You can minimize your risk of being audited

Created date

April 5th, 2016
IRS conducting a tax audit

IRS conducting a tax audit

When you drop your tax return in the mail (or hit submit on an e-file site), the last thing you want to think about is being the subject of an IRS audit. But, a certain percentage of taxpayers are audited each year, so it’s important to be prepared and know which red flags might draw negative attention to your return.

“The audit rates vary from year to year, and even a perfectly prepared tax return can be audited,” says Dave Du Val, vice president of customer advocacy at “And certain items on your tax return will almost guarantee an audit, such as a Schedule C for a business with no income and high losses.”

Deductions that stand out

Du Val says there are several mistakes that retired taxpayers in particular should avoid to reduce the chance of an audit. High deductions for charitable contributions, for instance, can make a return a target for an audit. Similarly, high gambling losses are also likely to catch an auditor’s eye. Health care costs tend to increase during retirement, but Du Val says a high medical expenses deduction is another red flag.

“A common mistake taxpayers make is reporting all medical expenses billed rather than those paid out of pocket,” he says. “Medical expenses paid by your insurance company are not deductible.”

Also be sure to correctly report all distributions from retirement plans. Money you withdraw from a 401(k) or IRA is taxable income. You must take required minimum distributions by April 1 following the year you turn 70 ½. Du Val says failure to do so triggers a 50% penalty and also raises your risk of being audited.

It is increasingly common for retirees to earn income from so-called “encore careers” and launch their own small businesses. Du Val says to be careful about how you report losses from a new business.

Hobby vs. business

“Many times, a retiree will focus on an activity they may consider a business but that for tax purposes the IRS would consider a hobby—large losses from a hobby are likely to trigger an audit,” he says.

If you do find yourself being audited by the IRS, there are steps you can take to minimize the pain. First and foremost, Larry M. Elkin, president of Palisades Hudson Financial Group (, says you should not represent yourself.

“The audit process works best when it is limited to the issues the auditor raises. Your presence invites incomplete or incorrect off-the-cuff answers,” Elkin says. “An effective taxpayer representative (usually a CPA, attorney, or IRS-authorized enrolled agent) will find out what the auditor wants to know, gather the information and present it clearly and concisely without triggering collateral issues.”

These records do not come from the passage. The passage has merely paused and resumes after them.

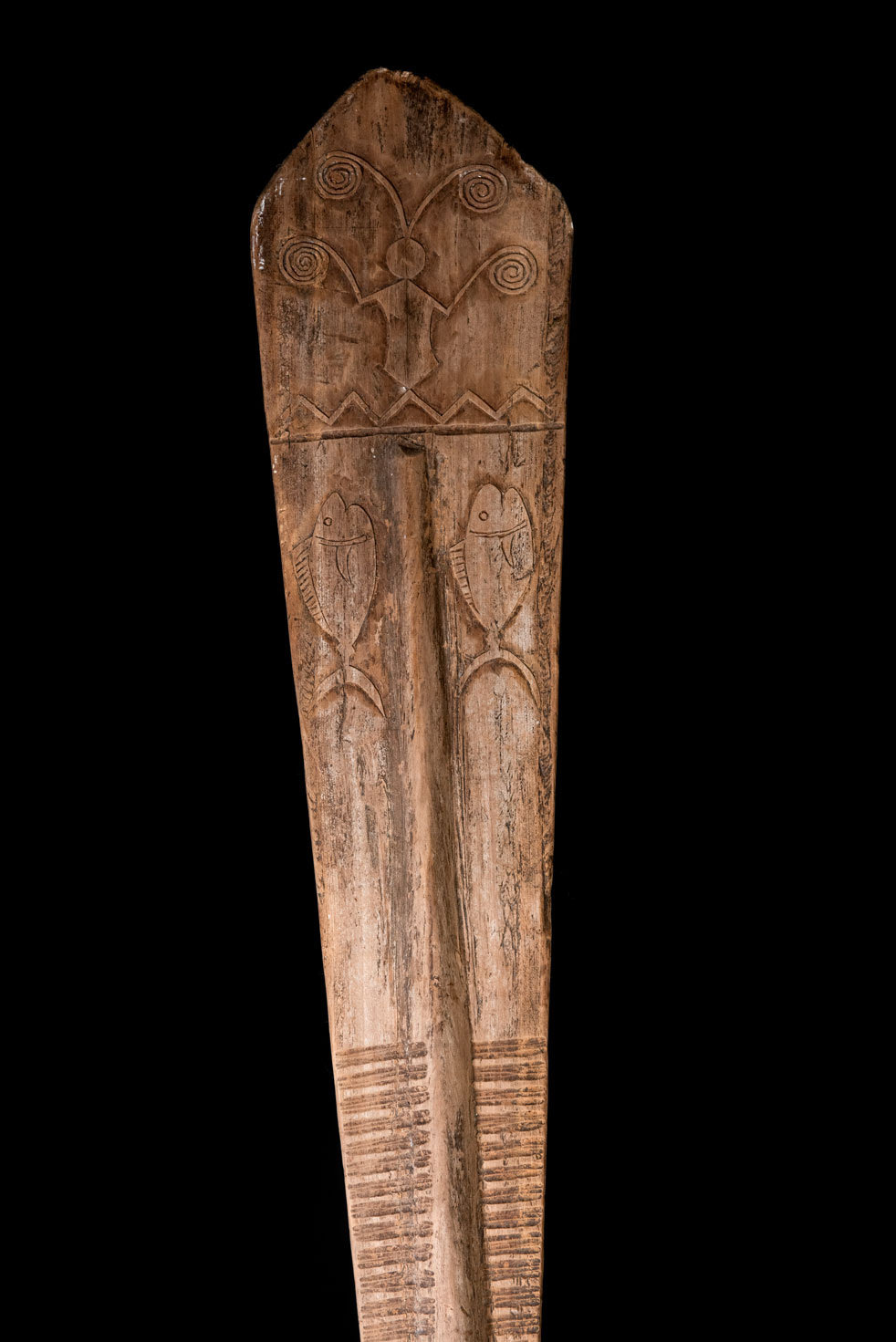 Carved paddle from The Yami tribe located on Orchid island, Taiwan, used exclusively during religious or festive ceremonies. This paddle is carved on one side with Magamaog, the Yami most important deities and 2 fishes . This paddle was probably paint in red, white and black in the past.
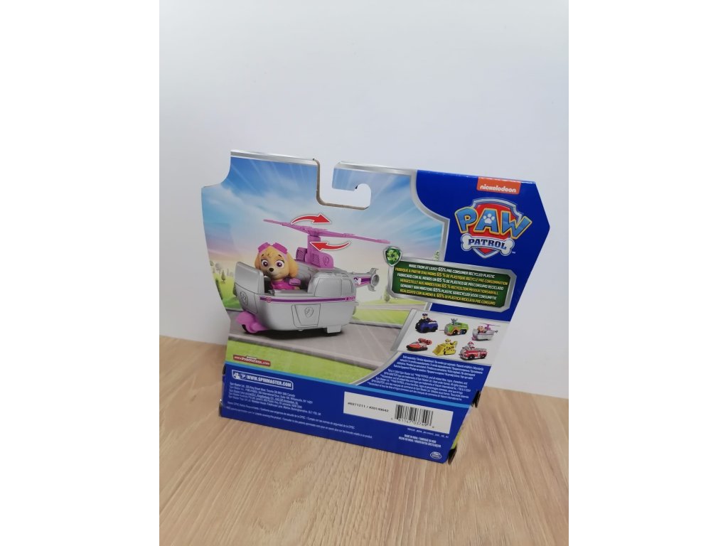 Skye má na sobě svou typickou růžovou uniformu, štěněcí batoh a pilotní brýle. Její vrtulník je vybaven pohyblivými listy rotoru a funkčními koly, takže může snadno přistávat, vzlétat i rychle vyrazit na pomoc komukoli v nouzi.
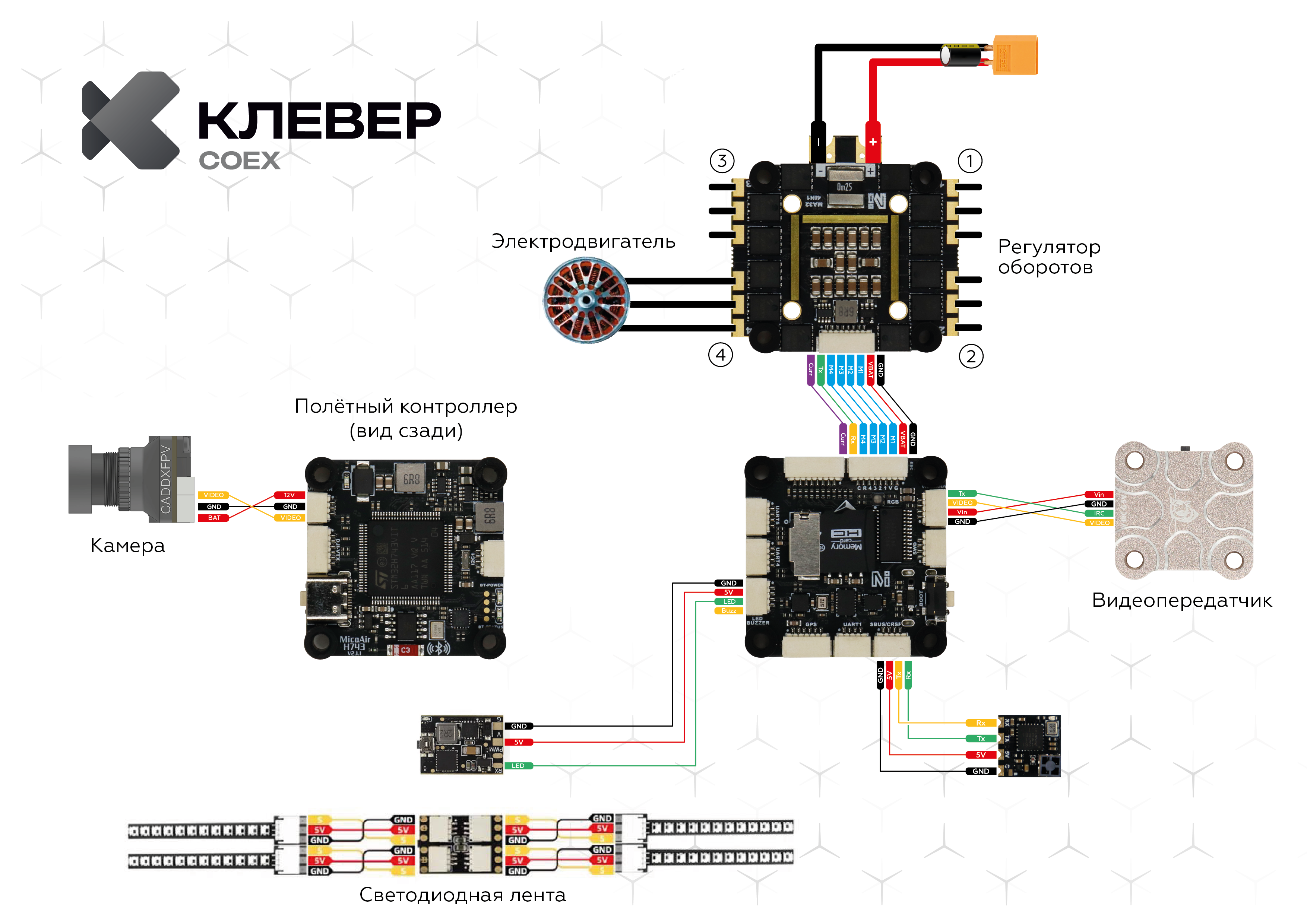 Подключите LED модули в хаб, как показано на изображении. Подключите хаб в разъём LED/Buzzer на полётном контроллере.
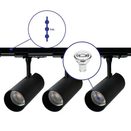 | Fabrikantnaam | Complete Straight 1-meter 1-Phase Track Set Black incl. 3x Spot fixture + GU10 2700K 3W Dim – 1 Mete | |
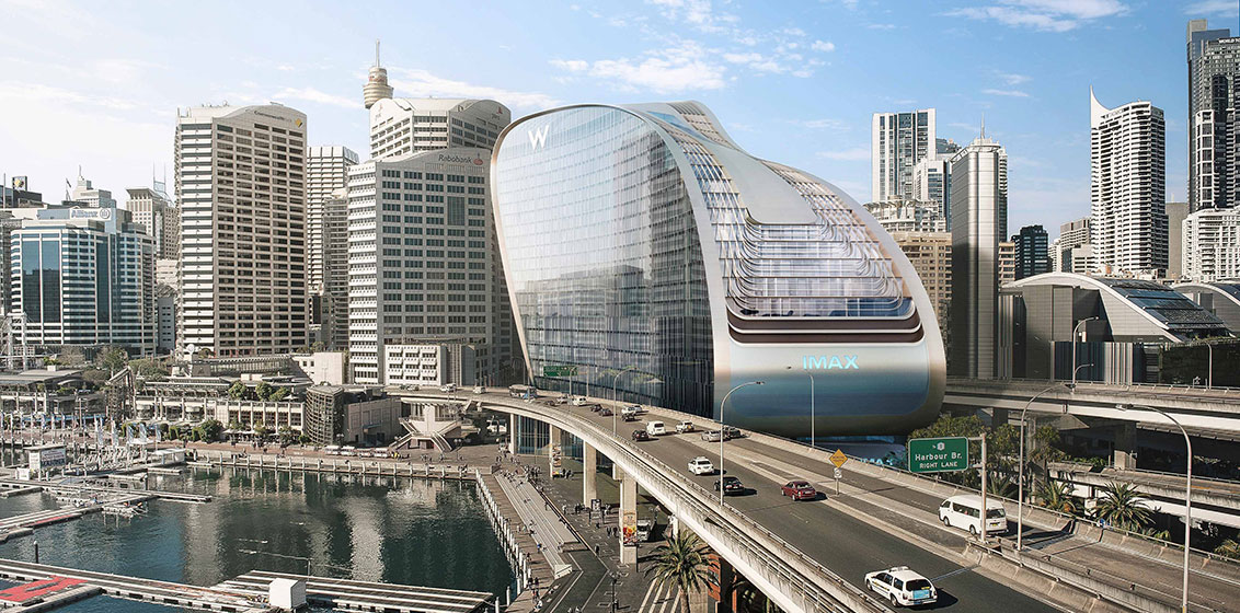 W Sydney’s undulating ribbon form rises through two elevated roadways on Sydney’s Darling Harbour, creating a spectacular waterfront experience, and will showcase 585 guestrooms, suites and studio suites – the largest W Hotel in the world – all with unparalleled city and harbourside views.
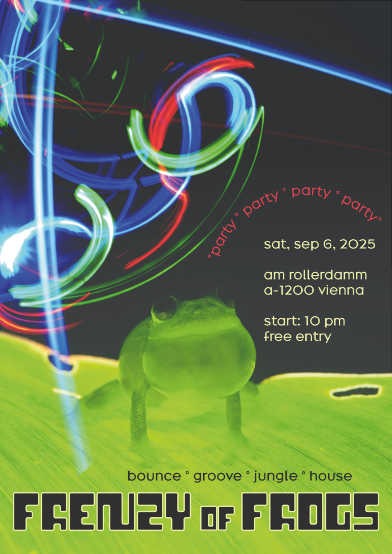 Frosch-Motiv, leuchtende Neonfarben, abstrakter Hintergrund, dynamische Linienführung, verspielte Elemente, kontrastreiche Farbpalette, auffällige Typografie, moderne Gestaltung, grafischer Stil, auffälliges Farbenspiel, futuristischer Look, pop-art-inspiriert, klare Formen, zentrale Bildkomposition, jugendlicher Stil, digitale Illustration, intensive Farbverläufe, verspielte Details, visuelle Tiefe, energiegeladene Stimmung
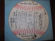 千羽鶴と色紙、スポーツドリンクと試合球を
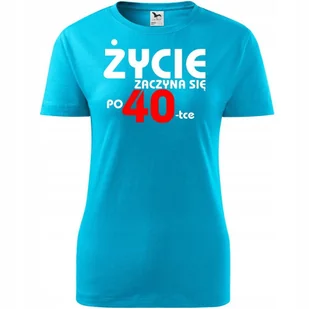 Damska Koszulka z Nadrukiem Życie zaczyna się po 40 na Prezent Urodzinowy turkusowy XL ❤️ O koszulce Damskiej 100 % ekologicznej bawełny wzmocnienie na rami...

Authorities have three years after you file your return to request information, and complete an audit. Elkin says auditors have heavy caseloads and usually ask taxpayers to waive that three-year limit. You have the right to deny that request.

“Waiving the statute allows the agent to drag out the process, inflating the taxpayer’s cost for representation and increasing potential interest and penalty charges,” he says. “It gives the agent more time to raise more issues. It lets the agent raise additional issues if new legislation, regulations, or court decisions provide support. You get no benefit.”